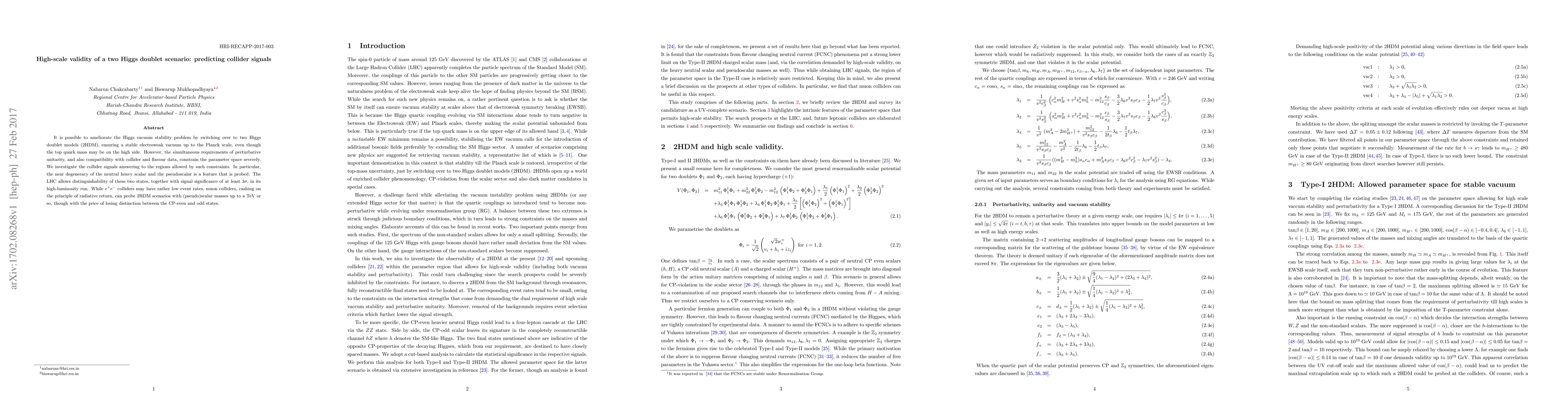 This paper explores the viability of a two Higgs doublet model (2HDM) to stabilize the Higgs vacuum and examines its collider signals under stringent constraints. It highlights that while the LHC can distinguish between neutral heavy scalar and pseudoscalar states in its high-luminosity phase, muon colliders can probe higher mass ranges but lose distinction between CP-even and odd states.
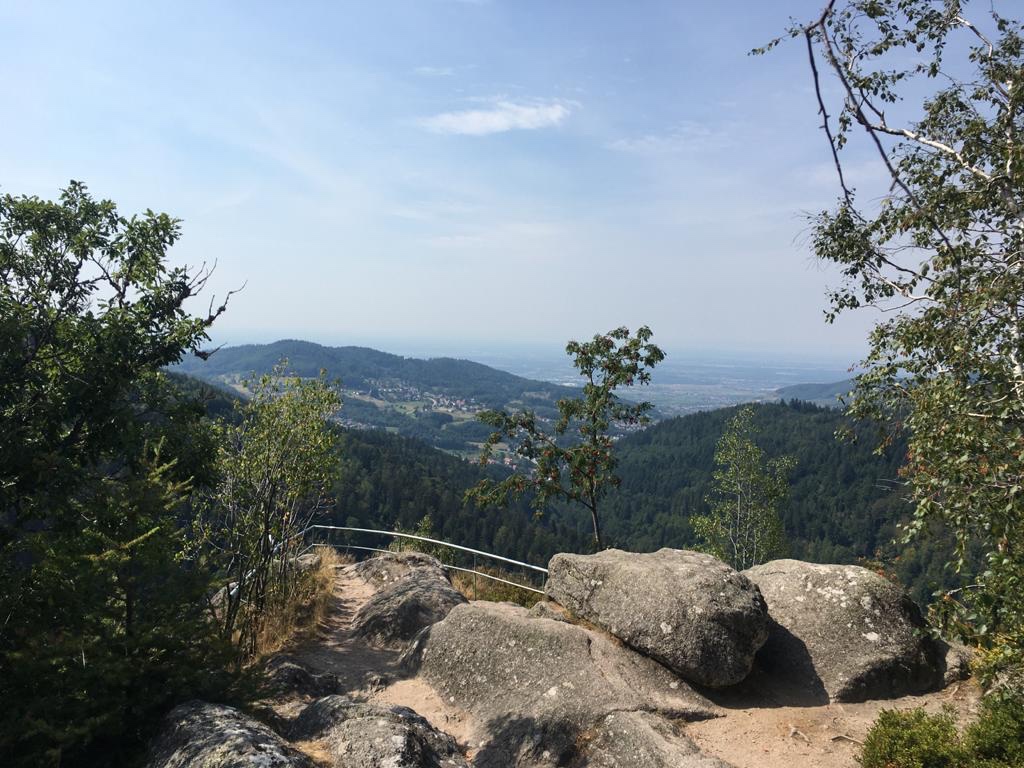 Die Landschaft wird dann nochmal sehr waldig und steil mit wunderbaren, riesig großen Hinkelsteinen. Jan geht einen steilen Weg am Hang hinunter zu den Gertelbach-Wasserfällen im Bühlertal, während ich bereits den weiten Blick in die Ebene zum Rheintal Richtung Frankreich genieße.
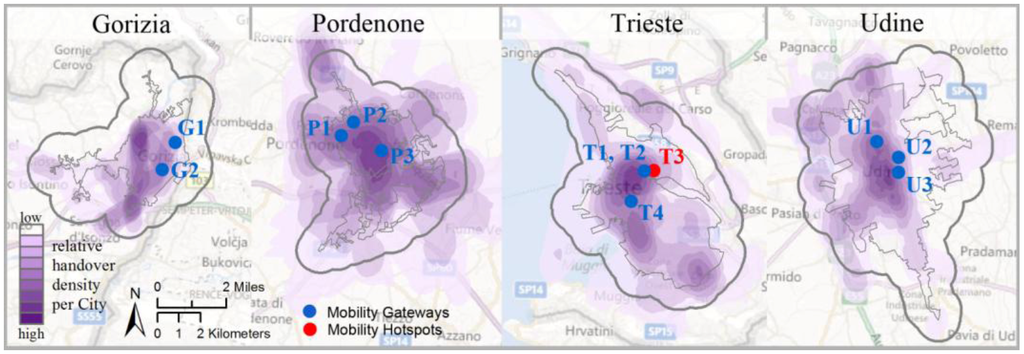 Figure 6 shows the spatial distribution of mobility gateways and mobility hotspots, as well as the spatial density estimation of the total mobility for each urban environment. For Gorizia and Trieste, since both are located right at the border to Slovenia, Figure 6 highlights only the mobility gateways as seen by the Italian mobile network. To compare the mobility hotspots and mobility gateways spatially among the four environments, they are represented as points but are in fact lines.
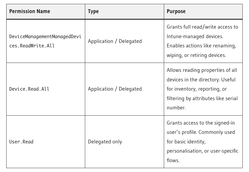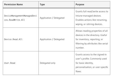To get started you will first require an Azure Application Registration but the good news is all you need are permissions for:
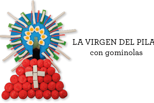 ¡Este año rinde homenaje a la Virgen del Pilar y elabora tu propio MANTO DE GOMINOLAS! En Martín Martín te proponemos que participes en nuestro CONCURSO, creando un hermoso y delicioso manto de la Virgen. Nosotros como ves en la foto, hemos realizado uno con fresones, regalices, coca-colas, lenguas de colores partidas en tiras, ladrillos……
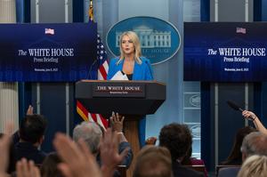 (250612) -- WASHINGTON, 12 junio, 2025 (Xinhua) -- Imagen del 11 de junio de 2025 de la secretaria de prensa de la Casa Blanca, Karoline Leavitt, hablando durante una conferencia de prensa en la Casa Blanca, en Washington, D.C., Estados Unidos. (Xinhua/Hu Yousong) (rtg) (ra) (ce)
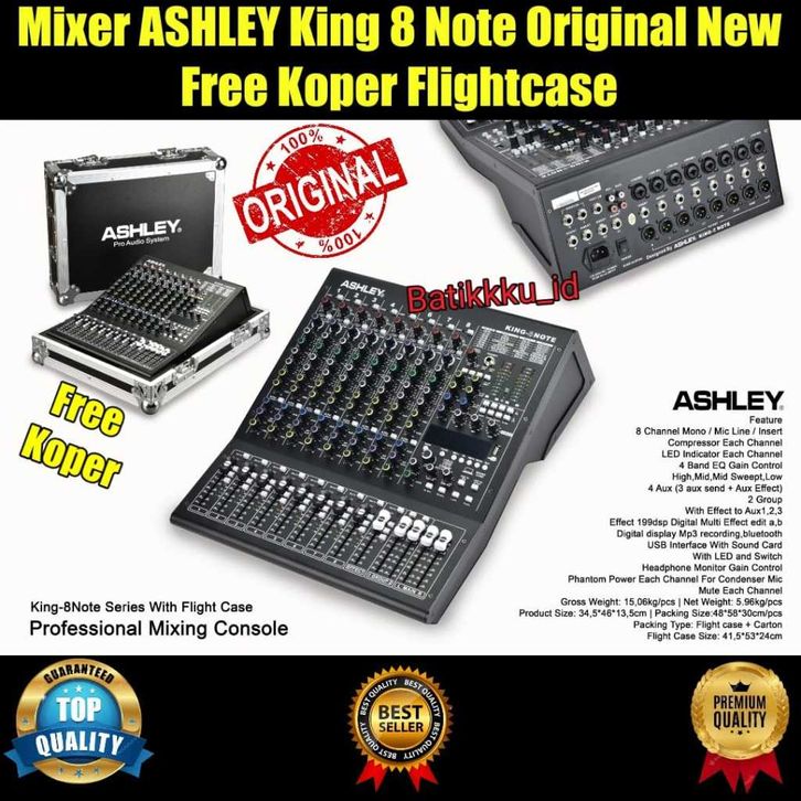 MIXER ASHLEY KING 8 NOTE KING8 NOTE 8CH ORIGINAL New With Compressor Koper Hardcase
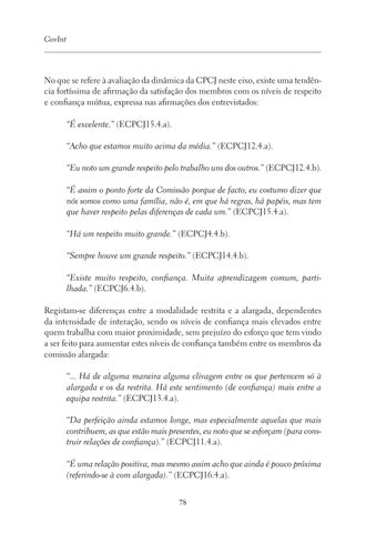 No que se refere à avaliação da dinâmica da CPCJ neste eixo, existe uma tendência fortíssima de afirmação da satisfação dos membros com os níveis de respeito e confiança mútua, expressa nas afirmações dos entrevistados: “É excelente.” (ECPCJ15.4.a). “Acho que estamos muito acima da média.” (ECPCJ12.4.a). “Eu noto um grande respeito pelo trabalho uns dos outros.” (ECPCJ12.4.b). “É assim o ponto forte da Comissão porque de facto, eu costumo dizer que nós somos como uma família, não é, em que há regras, há papéis, mas tem que haver respeito pelas diferenças de cada um.” (ECPCJ15.4.a). “Há um respeito muito grande.” (ECPCJ4.4.b). “Sempre houve um grande respeito.” (ECPCJ14.4.b). “Existe muito respeito, confiança. Muita aprendizagem comum, partilhada.” (ECPCJ6.4.b). Registam-se diferenças entre a modalidade restrita e a alargada, dependentes da intensidade de interação, sendo os níveis de confiança mais elevados entre quem trabalha com maior proximidade, sem prejuízo do esforço que tem vindo a ser feito para aumentar estes níveis de confiança também entre os membros da comissão alargada: “... Há de alguma maneira alguma clivagem entre os que pertencem só à alargada e os da restrita. Há este sentimento (de confiança) mais entre a equipa restrita.” (ECPCJ13.4.a). “Da perfeição ainda estamos longe, mas especialmente aquelas que mais contribuem, as que estão mais presentes, eu noto que se esforçam (para construir relações de confiança).” (ECPCJ11.4.a). “É uma relação positiva, mas mesmo assim acho que ainda é pouco próxima (referindo-se à com alargada).” (ECPCJ16.4.a). 78
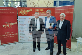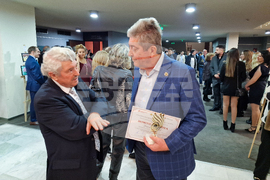 Стара Загора (12 декември 2024) С тържествено честване в залата на Държавната опера в Стара Загора бяха отбелязани 50 години висше образование в града. Събитието се организира от Тракийски университет - Стара Загора и Община Стара Загора и е под патронажа на президента на Република България Румен Радев. На снимката: генералният директор на БТА Кирил Вълчев (вдясно) беше отличен за значителна медийна подкрепа за висшето образование в Стара Загора.
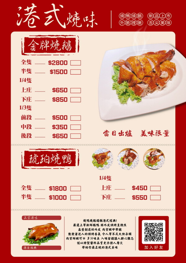 因應周年慶,還推出了新品燒鴨燒鵝,限定每週六日。
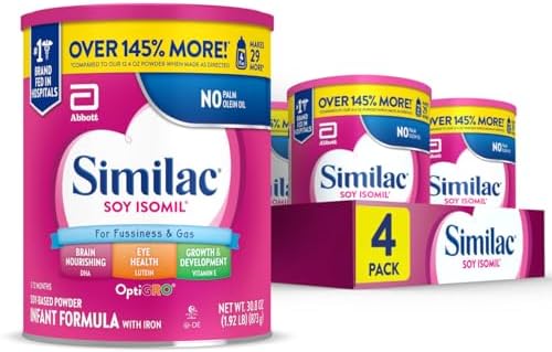 Soy Isomil Infant Formula, for Fussiness & Gas, Plant-Based Protein, Infant Formula Powder, 30.8-oz Value Can, Pack of 4

____

- _INSTRUCTIONS TO FOLLOW_:
Could you copy, exactly and with no pictures, each line from the first one above to the line holding "Die Landschaft wird"?

- _COMPLETED EXERCISE_:
 This paper explores the viability of a two Higgs doublet model (2HDM) to stabilize the Higgs vacuum and examines its collider signals under stringent constraints. It highlights that while the LHC can distinguish between neutral heavy scalar and pseudoscalar states in its high-luminosity phase, muon colliders can probe higher mass ranges but lose distinction between CP-even and odd states.
 Die Landschaft wird dann nochmal sehr waldig und steil mit wunderbaren, riesig großen Hinkelsteinen. Jan geht einen steilen Weg am Hang hinunter zu den Gertelbach-Wasserfällen im Bühlertal, während ich bereits den weiten Blick in die Ebene zum Rheintal Richtung Frankreich genieße.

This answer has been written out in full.